The CrawlURI offers a flexible attribute list which is used to keep arbitrary information about the URI while crawling. If you are going to write a processor you almost certainly will use the attribute list. The attribute list is a key/value-pair list accessed by typed accessors/setters. By convention the key values are picked from the CoreAttributeConstants interface which all processors implement. If you use other keys than those listed in this interface, then you must add the handling of that attribute to some other module as well.

7.3. The recorder streams

The crawler wouldn't be of much use if it did not give access to the HTTP request and response. For this purpose the CrawlURI has the getHttpRecorder() [2] method. The recorder is referenced by the CrawlURI and available to all the processors. See Section 11, “Writing a Processor” for an explanation on how to use the recorder.
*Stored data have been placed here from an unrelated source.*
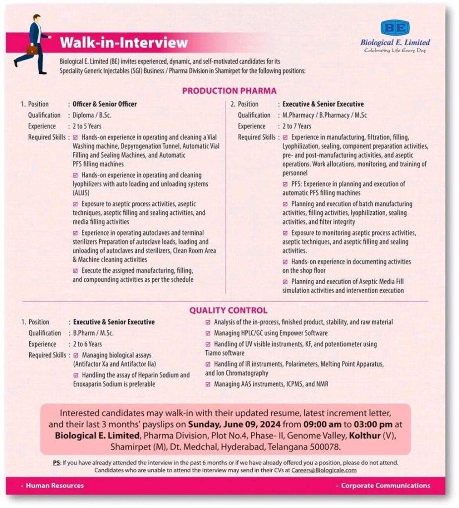 Interested candidates may walk-in with their updated resume, latest increment letter. and their last 3 months’ payslips on Sunday, June 09, 2024 from 09:00 am to 03:00 pm at Biological E. Limited. Pharma Division, Plot No.4, Phase-, Genome Valley, Kolthur (V), Shamirpet (M), Dt. Medchal, Hyderabad. Telangana 500078.
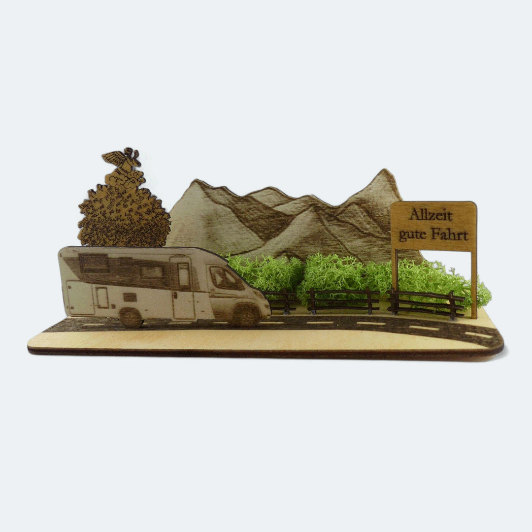 Insgesamt fasst das Modell 10 x 19,5 x 8,5 cm, besteht vollständig aus verschiedenfarbig lasiertem Holz und Kunstpflanzen.
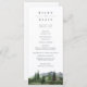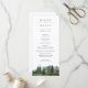 Comemore sua cerimônia em estilo com este programa de casamento de dois lados da coleção Timberline da Redwood & Vine Design Co. Apresentando montanhas de cor aquática verde tranquila e sotaques de pinheiros, este layout elegante oferece um formato limpo e moderno para os detalhes da sua timeline de cerimônia e festa de casamento. Perfeito para casamentos rústicos minimalistas, comemorações de inverno ou eventos elegantes ao ar livre cercados pela natureza. Personalize o texto para se adequar à sua celebração exclusiva.
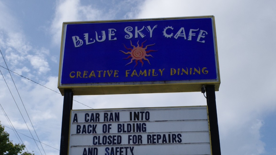 Hi, I'm Mark, my wife, Juli, and I have been the owners of Blue Sky Cafe for the last 21 years. On Wednesday, September 6th, a kind man was pulling out of the car wash bay behind the restaurant. His boot got wedged between the brake and gas pedal. His vehicle accelerated straight into the back wall of Blue Sky, he had to avoid hitting cars with people in them, he did the best he could, to not hurt anybody. Everyone is okay. His car accelerated to around 40 mph, the collision pushed the back wall of the restauraunt in about 8 inches. The building inspector came out and declared the building uninhabitable, as the wall holds up the I beam that supports the restaurant. We have insurance and we will repair and be open soon. However, our insurance doesn't cover hourly workers, only salaried workers. My staff is awesome, they love working at Blue Sky and they love our customers. They rely upon tip money to pay their bills. I am asking for your help to keep them able to pay their bills during this difficult time. Our customers were so kind and generous during the slow times of the Covid quarantine , now I'm asking for your help. I have had the pleasure of working with Val, Wanda, Blake, Maya, Marino and Kally for many years.
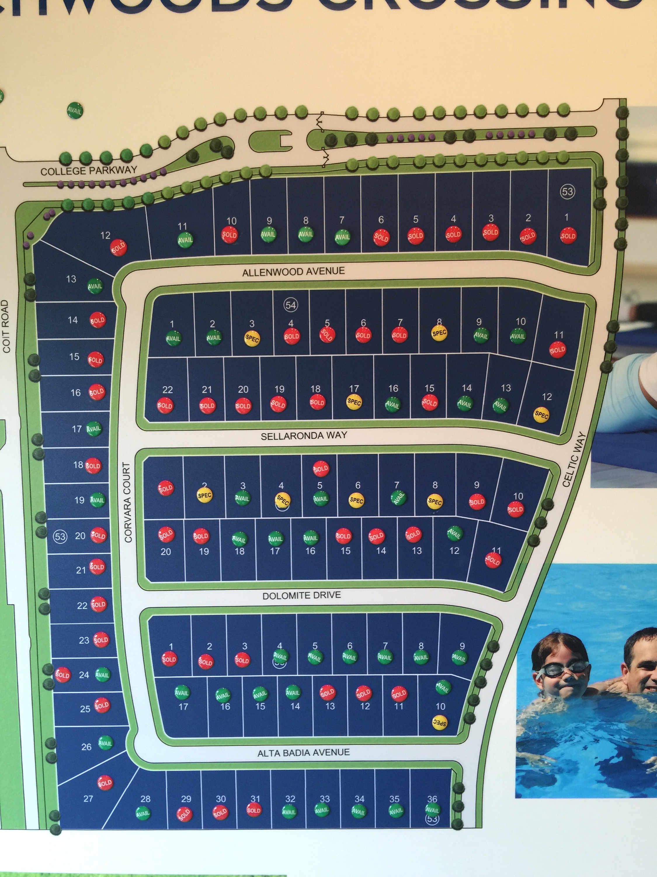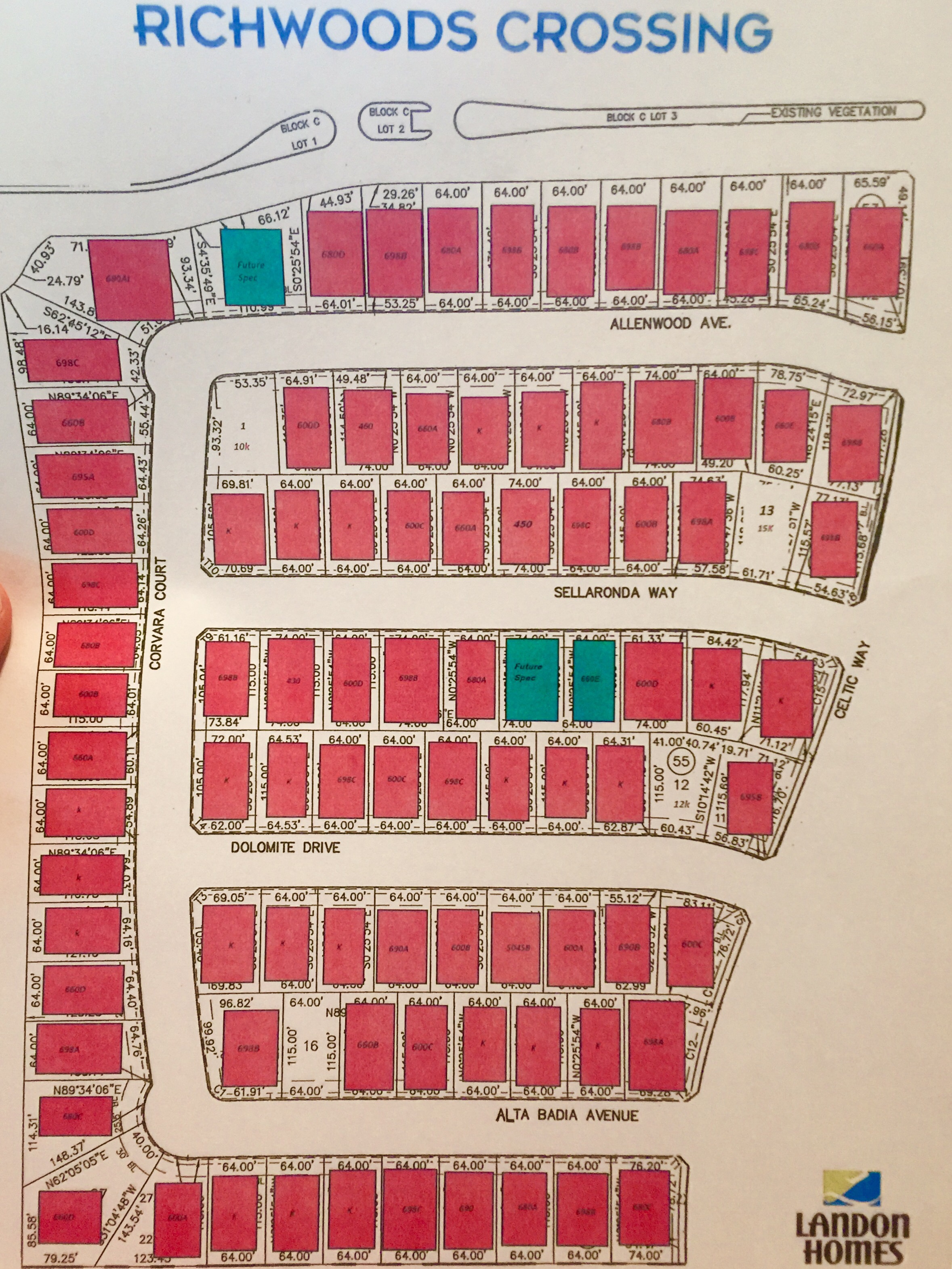Out of the lots not sold, 27 are spec homes which will be ready a lot sooner than a build job. This section of lots are standard at 70 foot wide by 100 foot deep.

[1] URI (Uniform Resource Identifiers) defined by RFC 2396 is a way of identifying resources. The relationship between URI, URL and URN is described in the RFC: ["A URI can be further classified as a locator, a name, or both. The term "Uniform Resource Locator" (URL) refers to the subset of URI that identify resources via a representation of their primary access mechanism (e.g., their network "location"), rather than identifying the resource by name or by some other attribute(s) of that resource. The term "Uniform Resource Name" (URN) refers to the subset of URI that are required to remain globally unique and persistent even when the resource ceases to exist or becomes unavailable."] Although Heritrix uses URIs, only URLs are supported at the moment. For more information on naming and addressing of resources see: Naming and Addressing: URIs, URLs, ... on w3.org's website.

[2] This method will most likely change name see Section 1, “The org.archive.util.HTTPRecorder class” for details.